The genetic code specifies all the proteins that a cell makes. The second code, superimposed on the first, sets the placement of the nucleosomes, miniature protein spools around which the DNA is looped. The spools both protect and control access to the DNA itself.
The discovery, if confirmed, could open new insights into the higher order control of the genes, like the critical but still mysterious process by which each type of human cell is allowed to activate the genes it needs but cannot access the genes used by other types of cell.
I blogged about another discovery made a few months back involving nucleosomes/histones (DNA segments) and their function in determining growth in children and adults:
Imagine this: fundamentally, our DNA is spun around little protein spools called histones. These histones provide a structure for DNA and assist in gene regulation, or the process of turning genes on and off. Genes, obviously, cause development.

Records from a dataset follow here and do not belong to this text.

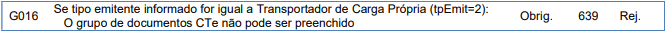 Essa rejeição ocorre quando informado Conhecimento de Transporte Eletrônico para tipo de emitente Transporte de Carga Própria.
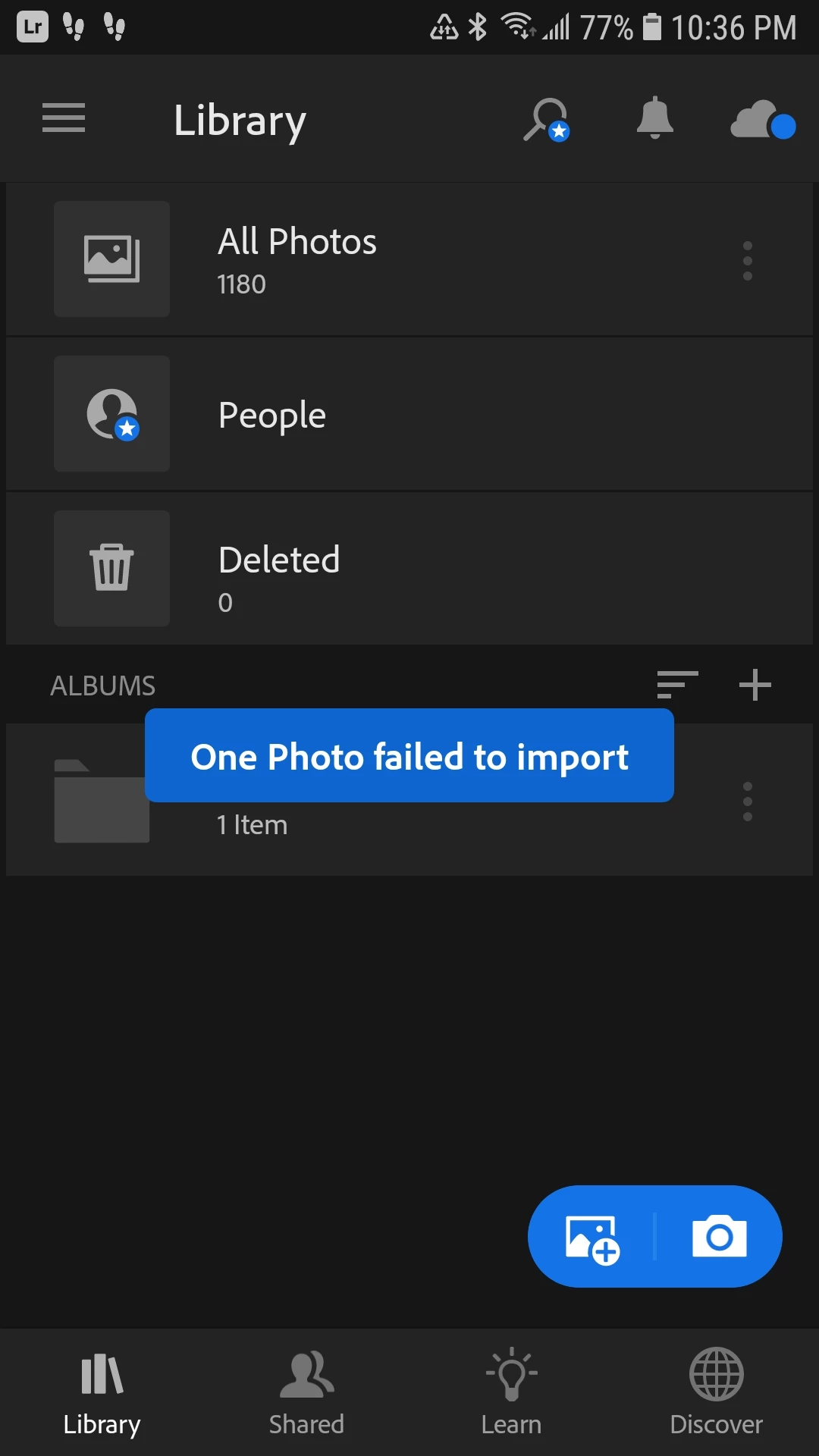 ekaterinan76977205ParticipantForum|Forum|3 years agoJune 26, 2022QuestionPhotos failed to importForum|Forum|3 years agoJune 26, 20220 replies207 viewsHello, I am unable to import any photos from my phone to my Lr. It worked fine before but now it just stopped importing any photos. Any tips would be greatly appreciated! My version is Lightroom Android v7.4.1Thanks!! Android
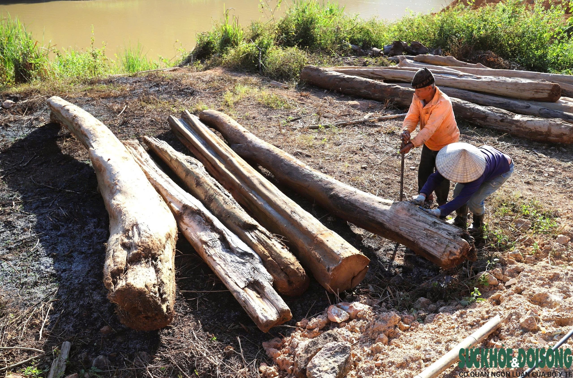 Vài tháng trở lại đây, bà con sống dọc hai bờ Nậm Nơn lại rủ nhau xuống sông vớt củi gỗ, tận dụng làm nhà cửa, chuồng trại hay tích trữ cho mùa đông. Mỗi chuyến đi thường kéo dài nhiều ngày, tất cả đều làm thủ công như gom gỗ, kết bè, lai dắt bằng xuồng máy, rồi kéo từng thân gỗ từ mép nước lên bến tập kết.

There are two histone sites where the methyl-marking (methylation) occurs; the K4 site and the K27 site. At the K27 site, the DNA is bound very tightly to the histone complex, not allowing any strands to become available for transcription (expression of DNA into protein). These sites are marked in adults.
At the K4 site, the strands are loosely bound, more accessible. K4 sites are marked in young, undifferentiated cells, like embryonic stem cells.
What this says, in a nutshell, is that they have found the areas where gene expression is a go (marked K4 region, in young cells) and where it is shut down (K27, in adults).
Certain genes do not have to be "turned on" when we are fully grown - especially genes that direct limb or organ growth - and the marked K27 site prevents that area of DNA to be accessed.
However, the K4 site would need to marked in the blastocyst and the DNA made available in order to start the differentiation process, so the cells could be directed into whatever is needed: liver cells, muscle tissue, bone, neurons, etc.
We're getting closer by the month, it seems.